Now toward the end of this same week, we find ourselves talking about Issue Three: Did Miles violate Nutall's right to dignified treatment as a woman, a mother and a human being? And by the way, it's worth noticing that as the week has progressed Nutall's story has migrated to more and more convenient ground for her, ending up finally in an area where she can allege and no one can refute.

But it's true that getting rousted by the cops, jacked up in any way, grabbed, hustled, frog-walked, hand-on-the-head shoved into a patrol car is very humiliating. Just is. What you feel is a total loss of physical hegemony over yourself. It sucks, if memory serves.

When I spoke to Nutall a few hours after the incident, I kept wanting to say something that I couldn't because it was outside the realm of the appropriate reporter/interviewee relationship. I wanted to say, "I am so sorry. I am so sorry that you had to go through this." I heard the humiliation in her voice, and it wasn't fake.

But she did this to herself, just as I did it to myself when I was a college student. Miles had absolutely no choice in the matter. He could not back down and allow what essentially was a rogue school board member to come pants him in front of his own staff.

They argued about it in the hallway that morning. Nutall herself told me she told Miles, "Arrest me." It was a direct full-face challenge, and Nutall was entirely in the wrong. Her only power, as Miles apparently tried to tell her that morning, is her ability to persuade the full board to act. She has no power, no right, no prerogative to enter a school and behave like she's Miles' boss. Bernadette Nutall, as one person, is not anybody's boss. She's not management. She's a board member.

What this really all comes down to anyway is what I will call Issue Four: Isn't Nutall really fighting here for lost turf, trying to drive the back the clock to the point in history, before Miles, when African-American school members were, in fact, the de facto CEO's of an informal separate South Dallas school district within the full district?
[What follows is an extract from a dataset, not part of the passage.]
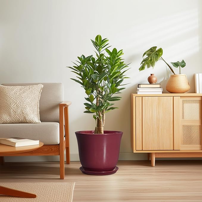 - Ideal Size: These ceramic pots for plants measure 12.4" x 12.4" x 10.3" and comes with drainage holes, a ceramic plant saucer, a drainage net, creating a healthier environment for plants while keeping your space neat and clean

Yes. That's what this is. In the old days, Nutall and other black school trustees absolutely could march into schools, fire principals, hire teachers and impose their own policy. Critics of that system now would call it a Tammany Hall patronage racket. Supporters of it would call the old arrangement the appropriate response to court ordered desegregation. But all of that is beside the point now.

The court's gone. The court monitor is gone. Miles is here. Miles has taken those powers back to himself, with the blessing and consistent support of the school board. By fighting to regain that turf, Nutall defies Miles, but that's the least of it. She defies the full school board.

Every step of the way, Miles' reforms have been voted on by the board, and every step of the way the board has voted to support him. Nutall wants to act as if none of that happened, as if this were still the pre-Miles era and she was still the effective CEO over schools in her district.

So, Point the Last: Something has to happen. Push must come to shove. Either Nutall is forced to accept the new reality, or she wins, Miles gets fired, and we go back to the old arrangement. Nutall is the boss again of her own turf.

In the meantime, she will continue to engineer these kinds of confrontations and challenges, because the current state of affairs is not to her liking. In the current state of affairs she has lost turf. She wants it back.

That's what this is all really all about. Not meetings. Not trespassing. Not mothers getting rousted by the cops. This is about turf, and it ain't over 'til it's over.